Friday, 5 May 2017

(The Star) CIMB Research: Bursa may raise listing, clearing fees

PETALING JAYA: Bursa Malaysia Bhd could be mulling a revision of its listing and clearing fees, which will be positive for the stock exchange operator’s revenue.

CIMB Research, which hosted a non-deal roadshow for Bursa last week, said that Bursa management stated that the exchange’s rates for the listing and clearing fees are lower than those charged by the Singapore Exchange Ltd (SGX), leading the research firm to believe that the company may have plans to revise the rates.

If this happens, it would be positive for Bursa’s revenue.

“We estimate that every 1% increase in the clearing and listing income will raise Bursa’s net profit by 0.7% and 0.2%, respectively,” CIMB Research said in a report.

Currently, the annual listing fee for listed companies on the Main Market of Bursa Securities is fixed at 0.0025% of the total market value of the issued capital of the companies, subject to a minimum fee of RM20,000 and a maximum fee of RM100,000. CIMB Research said it understood that the cap and floor for the SGX’s fees are higher.

The research house noted that the current clearing fee is charged at a rate of three basis points (bps) of the value of the trade with a cap of RM1,000. Because of the cap, the effective clearing fee rate is 2.35 bps.

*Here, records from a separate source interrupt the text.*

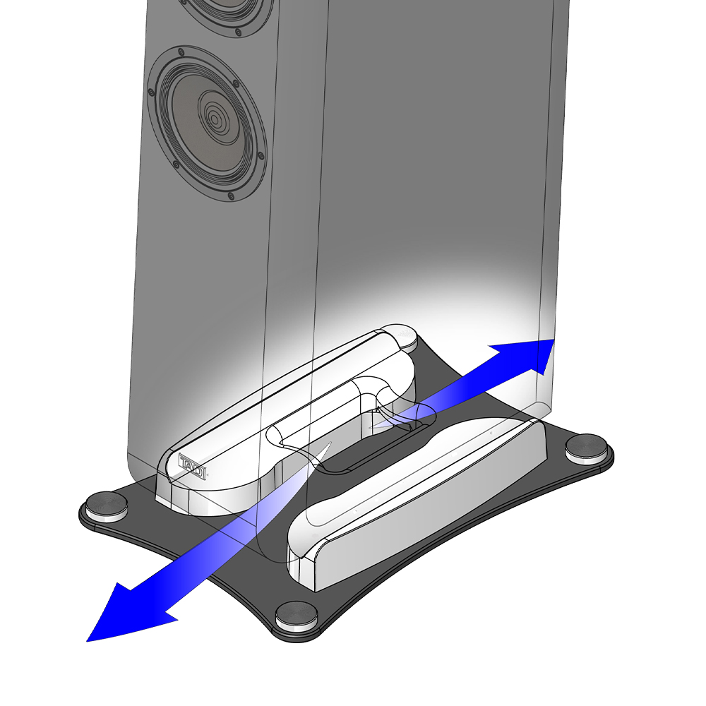 The Bidirectional ADP (Aero-Dynamic Port) System positions a port at the base of the enclosure, with its openings facing the front and rear. The port features a horn-shaped interior that reduces port noise and enhances efficiency in driving the port, resulting in clear and responsive sound in the mid-to-low frequency range. The combination of the port flare crafted from die-cast aluminum with the symmetrical front-back layout effectively counteracts the physical force that vibrates the enclosure, thereby contributing to the reproduction of powerful bass. Moreover, the 10 mm-thick machined steel base plate attached to the enclosure’s bottom enhances its stability when placed on the floor, counterbalancing the reaction caused by the powerful driving force of the twin woofers.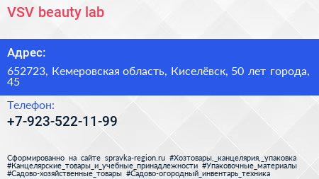 VSV beauty lab по адресу 652723, Кемеровская область, Киселёвск, 50 лет города, 45 в дальнейшем Организация, размещена в следующих категориях: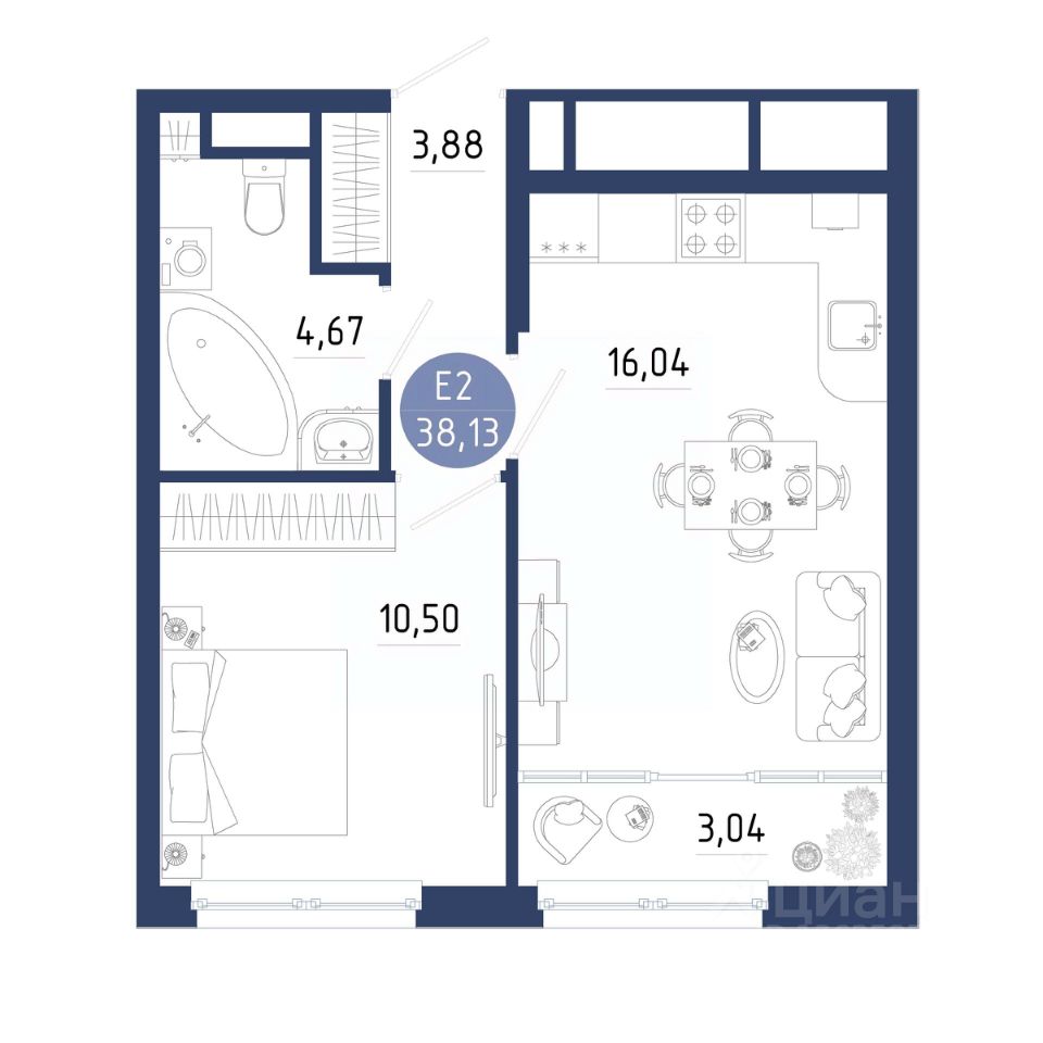 Общая площадь38,13 м2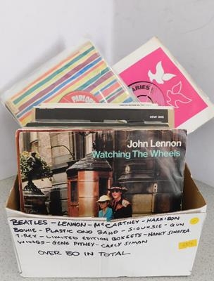 Box of 80+ 7" singles incl. Beatles, Lennon, Siouxsie etc. plus box sets

Comparatively, the clearing fee rate for the SGX is much higher at 3.25 bps with no cap.

“Based on the above, we think that there is scope for Bursa to improve its listing and clearing fees. For the listing fee, Bursa could increase the ceiling and floor for the fee charged. For the clearing fee, we think that Bursa could reduce that rate but withdraw the cap. This will lead to an increase in the clearing fee’s effective rate,” the research firm said.

Clearing and listing fees accounted for 33.2% and 10.6%, respectively, of Bursa’s total revenue in the financial year ended Dec 31, 2016 (FY16). However, the potential enhancement of Bursa’s revenue from the rate revisions could be partly offset by a possible drop in trading value arising from the higher cost of trading.

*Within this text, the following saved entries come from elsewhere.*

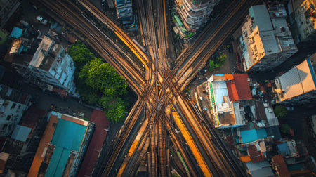 This aerial image captures the intricate network of train tracks intersecting within a bustling urban environment, showcasing vibrant colors and dynamic city life below.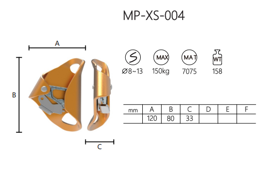 The MP-XS-004 Rope Fall Arrestor is a reliable device for climbing and rope access work. It’s designed to protect users on ropes of 8 –13 millimeters in diameter. Made of 7075 aluminum alloy, it is strong and durable. Weighing 158 grams, it is lightweight and easy to carry. Its dimensions are 120mm in length (A), 80mm in height (B), and 33mm in width (C), providing a comfortable grip and easy handling.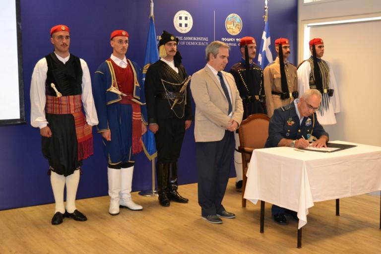 Ακολούθησε με πολλή συγκίνηση η υπογραφή του σχετικού Πρακτικού, εκ μέρους της Πολιτιστικής Ομάδας “Αρχιπέλαγος” από τον κ. Παπαδόπουλο και εκ μέρους του Στρατιωτικού Γραφείου από τον Αντιπτέραρχο (Ι) κ. Γρηγόρη Πρεζεράκο.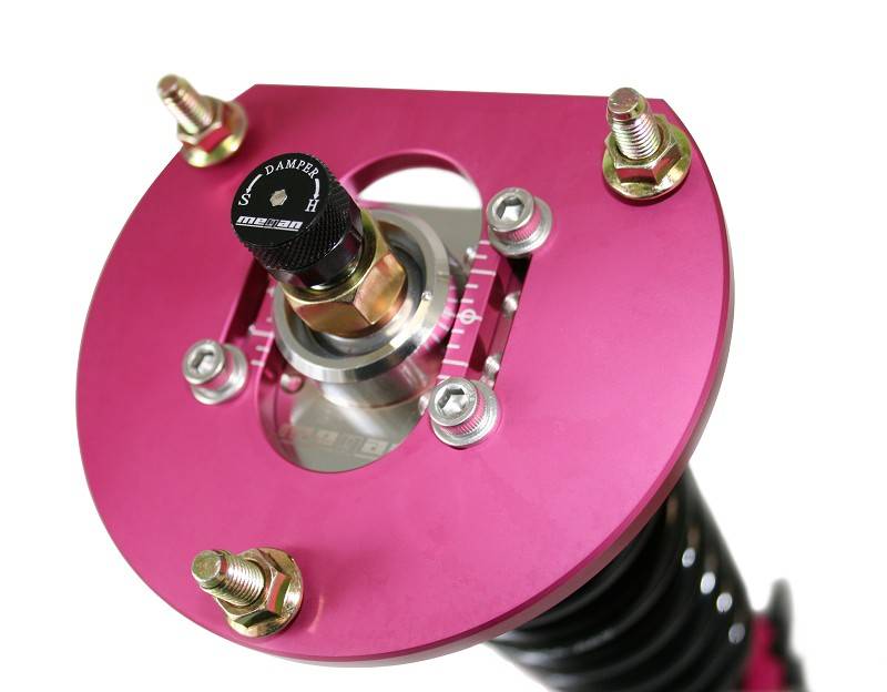 On applications utilizing strut-type suspension designs, the Megan Racing damper kits come with upper pillow-ball mount camber plates which are adjustable and allow you to easily tune your camber. This enables you to adjust your cars ride height and still adjust the camber to improve handling, vehicle predictability and tire wear, a nice feature for any situation, whether it is on the track or on the street. This improved level of adjustability will give you a competitive edge over other suspension setups.

In CIMB Research’s view, the higher listing fee would not have a significant impact on Bursa Securities as a listing destination for companies.

“The existing listing fee of RM20,000 to RM100,000 is relatively low as a percentage of the listed companies’ total costs. We think that any increase in listing fees would be easily absorbed by the (prospective) listed companies.”

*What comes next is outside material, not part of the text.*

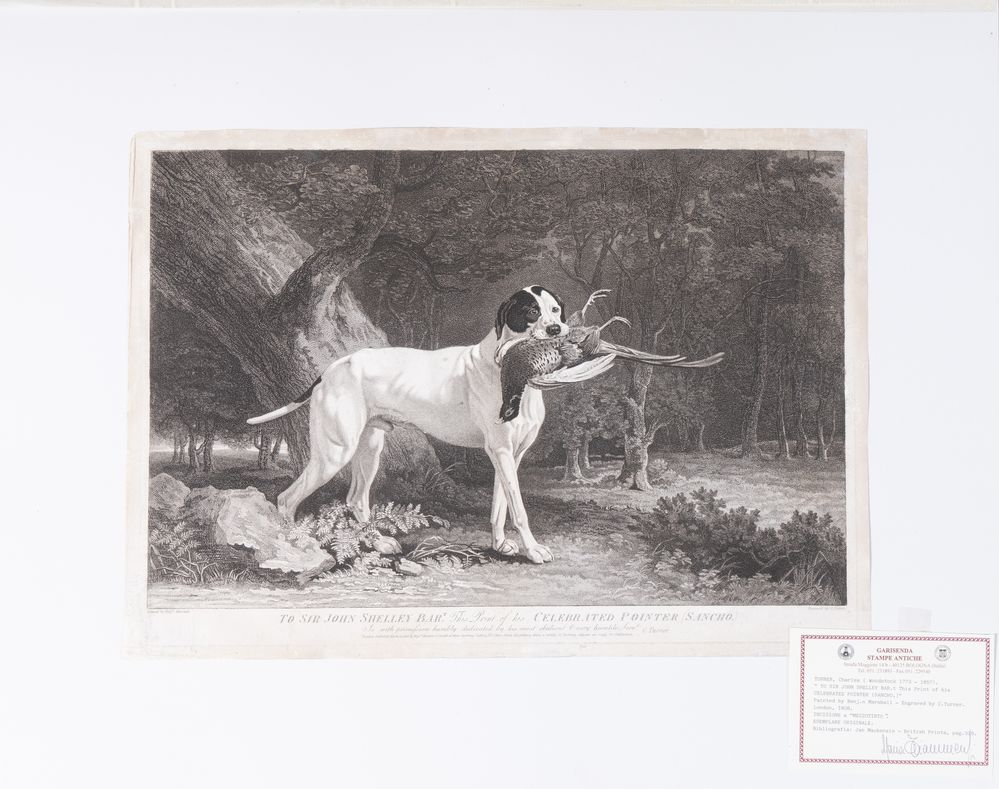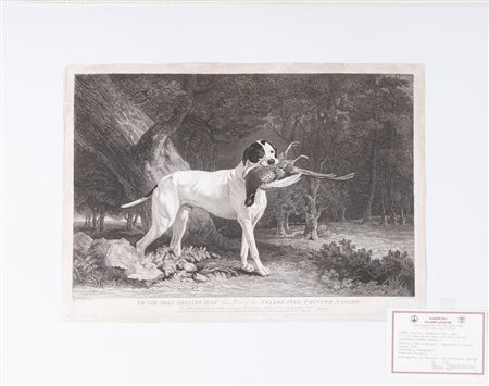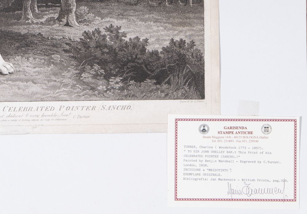 CHARLES TURNER (Woodsotck 1773 - 1857) "To Sir John Shelley Bar. t. This Print of his celebrated pointer (Sancho)", 1808. Incisione a mezzotinto. Cm 37,5x52. Esemplare originale. Stampato da C. Turner; dipinto da Benjamin Marshall. Bibliografia: Jan Mackenzei, British Prints, pag. 319. Reca etichetta di Garisenda Stampe Antiche Bologna con firma.

Elsewhere, the exchange also has plans to launch more products in the derivatives market.

Bursa currently offers 13 products in the derivatives market.

“We gather that one of the products in the pipeline is the currency futures contract, probably ringgit/US dollar and ringgit/yuan.

“However, it may take a longer time to launch this, as it needs the approval of Bank Negara.”

The research firm said it is positive on any potential launch of new products, as this would increase Bursa’s revenue from the derivatives business.

It noted that Bursa’s derivatives trading income had slid by 5.8% year-on-year (y-o-y) to RM21.2mil in the first quarter of FY17 (Q1’17) despite the 7.3% y-o-y increase in the average daily contracts to 62,100 in the derivatives market.

The management explained that the decline could be attributed to the downward revision of the guarantee fee rate from 0.5% per annum in 2016 to 0.3% per annum in Q1’17 imposed on the margins on contracts’ open positions.

On another note, CIMB Research is also of the view that Bursa had the scope to declare a special dividend, given its strong cash position and yearly cashflow.

“We estimate that Bursa had total excess cash of about RM150mil as at end-March 2017. Assuming all of this is paid out, the potential maximum special dividend will be 28 sen per share, translating into an additional yield of 2.7%.

“If 50% of this is paid out, then the special dividend would be 14 sen per share or an additional dividend yield of 1.4%,” said the research firm, retaining its “hold” call on Bursa, as it believes the positives have been largely priced in at the current valuations.

For Q1’17 ended March 31, Bursa’s net profit after tax and minority interests increased by 13.4% to RM56.6mil as compared to the same period last year.